# WORK INSTRUCTION:
From the records below, extract only the lines running from the line with "隆昌市新能源汽車交流充電樁設備采購項目(2023年度) (第二次)采購公告" to the line with "LOT INCLUDES; (2)", both lines included, reproducing them exactly.

# RECORDS SHOWN:
BEGIN
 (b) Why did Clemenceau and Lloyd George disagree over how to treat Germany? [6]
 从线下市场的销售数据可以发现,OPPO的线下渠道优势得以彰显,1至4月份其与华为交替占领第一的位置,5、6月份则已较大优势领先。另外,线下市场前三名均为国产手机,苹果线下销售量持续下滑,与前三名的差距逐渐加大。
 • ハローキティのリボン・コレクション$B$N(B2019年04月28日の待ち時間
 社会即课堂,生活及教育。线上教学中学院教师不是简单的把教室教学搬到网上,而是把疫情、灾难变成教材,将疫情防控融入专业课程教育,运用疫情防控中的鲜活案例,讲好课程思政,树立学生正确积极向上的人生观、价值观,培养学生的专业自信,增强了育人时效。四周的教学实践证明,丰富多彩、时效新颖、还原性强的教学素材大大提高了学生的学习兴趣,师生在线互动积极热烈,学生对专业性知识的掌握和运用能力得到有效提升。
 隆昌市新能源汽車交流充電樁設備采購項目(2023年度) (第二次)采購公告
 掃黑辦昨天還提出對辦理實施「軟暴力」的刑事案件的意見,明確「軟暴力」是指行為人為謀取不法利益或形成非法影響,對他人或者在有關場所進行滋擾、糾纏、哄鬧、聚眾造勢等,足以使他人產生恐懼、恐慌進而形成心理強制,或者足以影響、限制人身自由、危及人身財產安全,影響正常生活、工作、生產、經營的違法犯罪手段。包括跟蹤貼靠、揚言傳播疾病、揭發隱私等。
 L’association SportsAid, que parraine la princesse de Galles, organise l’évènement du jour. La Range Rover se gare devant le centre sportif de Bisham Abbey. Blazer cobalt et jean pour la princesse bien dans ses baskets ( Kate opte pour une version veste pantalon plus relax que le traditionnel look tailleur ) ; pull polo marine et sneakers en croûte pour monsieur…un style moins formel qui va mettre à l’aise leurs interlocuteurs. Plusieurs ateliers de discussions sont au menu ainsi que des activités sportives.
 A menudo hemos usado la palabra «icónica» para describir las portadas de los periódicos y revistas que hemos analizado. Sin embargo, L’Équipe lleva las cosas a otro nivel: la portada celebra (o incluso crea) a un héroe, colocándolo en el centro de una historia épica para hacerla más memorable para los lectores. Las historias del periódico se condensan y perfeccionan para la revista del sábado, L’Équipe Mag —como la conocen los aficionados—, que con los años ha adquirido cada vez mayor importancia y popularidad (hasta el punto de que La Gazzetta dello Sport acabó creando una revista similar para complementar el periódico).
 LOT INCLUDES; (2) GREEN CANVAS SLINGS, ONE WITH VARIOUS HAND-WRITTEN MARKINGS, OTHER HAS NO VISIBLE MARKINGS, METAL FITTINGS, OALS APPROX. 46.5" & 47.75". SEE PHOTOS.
END
BEGIN
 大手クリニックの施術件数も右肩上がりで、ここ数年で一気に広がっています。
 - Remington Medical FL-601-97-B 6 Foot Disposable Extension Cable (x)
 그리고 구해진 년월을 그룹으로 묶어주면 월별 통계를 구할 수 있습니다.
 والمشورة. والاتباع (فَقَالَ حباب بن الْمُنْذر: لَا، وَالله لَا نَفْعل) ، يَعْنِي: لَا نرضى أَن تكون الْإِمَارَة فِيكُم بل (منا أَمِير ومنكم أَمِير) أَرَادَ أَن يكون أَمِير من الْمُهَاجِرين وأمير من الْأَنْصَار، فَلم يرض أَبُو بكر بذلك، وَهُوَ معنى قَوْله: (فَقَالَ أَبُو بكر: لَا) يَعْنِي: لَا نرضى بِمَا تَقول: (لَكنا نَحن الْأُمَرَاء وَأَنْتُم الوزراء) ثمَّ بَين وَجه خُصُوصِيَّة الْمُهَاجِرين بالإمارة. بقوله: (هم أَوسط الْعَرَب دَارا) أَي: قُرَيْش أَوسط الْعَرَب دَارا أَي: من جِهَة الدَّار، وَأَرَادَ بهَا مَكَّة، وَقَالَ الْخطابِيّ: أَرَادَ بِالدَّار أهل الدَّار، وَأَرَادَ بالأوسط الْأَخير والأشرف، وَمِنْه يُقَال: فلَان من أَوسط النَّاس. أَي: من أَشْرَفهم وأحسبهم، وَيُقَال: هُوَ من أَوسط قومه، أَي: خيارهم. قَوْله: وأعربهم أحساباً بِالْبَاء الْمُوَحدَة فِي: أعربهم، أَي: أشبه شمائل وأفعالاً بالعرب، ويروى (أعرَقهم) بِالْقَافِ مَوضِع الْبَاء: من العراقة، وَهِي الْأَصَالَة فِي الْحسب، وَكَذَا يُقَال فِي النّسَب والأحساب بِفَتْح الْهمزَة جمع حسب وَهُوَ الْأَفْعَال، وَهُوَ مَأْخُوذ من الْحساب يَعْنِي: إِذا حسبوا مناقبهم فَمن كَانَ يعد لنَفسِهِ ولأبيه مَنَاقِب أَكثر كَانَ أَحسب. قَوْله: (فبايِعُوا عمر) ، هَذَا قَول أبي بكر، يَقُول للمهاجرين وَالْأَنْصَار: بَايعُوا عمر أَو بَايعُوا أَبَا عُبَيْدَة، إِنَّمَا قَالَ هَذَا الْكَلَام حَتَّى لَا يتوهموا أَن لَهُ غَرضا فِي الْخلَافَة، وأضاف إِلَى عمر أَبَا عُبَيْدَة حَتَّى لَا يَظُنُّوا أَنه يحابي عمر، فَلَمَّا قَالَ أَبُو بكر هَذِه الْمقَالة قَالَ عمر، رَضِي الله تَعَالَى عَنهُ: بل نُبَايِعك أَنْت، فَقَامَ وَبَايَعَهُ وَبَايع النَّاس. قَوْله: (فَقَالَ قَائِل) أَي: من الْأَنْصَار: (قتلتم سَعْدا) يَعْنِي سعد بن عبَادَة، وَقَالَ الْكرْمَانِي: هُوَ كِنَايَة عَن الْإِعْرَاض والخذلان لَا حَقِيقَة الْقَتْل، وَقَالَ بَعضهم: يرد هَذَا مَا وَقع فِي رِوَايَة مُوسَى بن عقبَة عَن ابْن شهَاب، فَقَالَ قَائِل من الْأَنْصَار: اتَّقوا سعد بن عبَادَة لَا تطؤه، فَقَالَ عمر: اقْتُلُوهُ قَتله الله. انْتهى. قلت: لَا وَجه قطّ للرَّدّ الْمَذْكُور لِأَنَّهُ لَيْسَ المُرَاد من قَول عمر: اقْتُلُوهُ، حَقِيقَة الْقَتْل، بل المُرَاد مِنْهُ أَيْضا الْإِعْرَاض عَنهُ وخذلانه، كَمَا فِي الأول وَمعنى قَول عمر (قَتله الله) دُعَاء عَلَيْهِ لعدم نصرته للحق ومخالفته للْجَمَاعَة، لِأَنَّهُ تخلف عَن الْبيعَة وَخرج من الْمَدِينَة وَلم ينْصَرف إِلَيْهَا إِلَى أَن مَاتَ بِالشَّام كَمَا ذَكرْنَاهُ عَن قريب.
END
# ANSWER BELOW:
 隆昌市新能源汽車交流充電樁設備采購項目(2023年度) (第二次)采購公告
 掃黑辦昨天還提出對辦理實施「軟暴力」的刑事案件的意見,明確「軟暴力」是指行為人為謀取不法利益或形成非法影響,對他人或者在有關場所進行滋擾、糾纏、哄鬧、聚眾造勢等,足以使他人產生恐懼、恐慌進而形成心理強制,或者足以影響、限制人身自由、危及人身財產安全,影響正常生活、工作、生產、經營的違法犯罪手段。包括跟蹤貼靠、揚言傳播疾病、揭發隱私等。
 L’association SportsAid, que parraine la princesse de Galles, organise l’évènement du jour. La Range Rover se gare devant le centre sportif de Bisham Abbey. Blazer cobalt et jean pour la princesse bien dans ses baskets ( Kate opte pour une version veste pantalon plus relax que le traditionnel look tailleur ) ; pull polo marine et sneakers en croûte pour monsieur…un style moins formel qui va mettre à l’aise leurs interlocuteurs. Plusieurs ateliers de discussions sont au menu ainsi que des activités sportives.
 A menudo hemos usado la palabra «icónica» para describir las portadas de los periódicos y revistas que hemos analizado. Sin embargo, L’Équipe lleva las cosas a otro nivel: la portada celebra (o incluso crea) a un héroe, colocándolo en el centro de una historia épica para hacerla más memorable para los lectores. Las historias del periódico se condensan y perfeccionan para la revista del sábado, L’Équipe Mag —como la conocen los aficionados—, que con los años ha adquirido cada vez mayor importancia y popularidad (hasta el punto de que La Gazzetta dello Sport acabó creando una revista similar para complementar el periódico).
 LOT INCLUDES; (2) GREEN CANVAS SLINGS, ONE WITH VARIOUS HAND-WRITTEN MARKINGS, OTHER HAS NO VISIBLE MARKINGS, METAL FITTINGS, OALS APPROX. 46.5" & 47.75". SEE PHOTOS.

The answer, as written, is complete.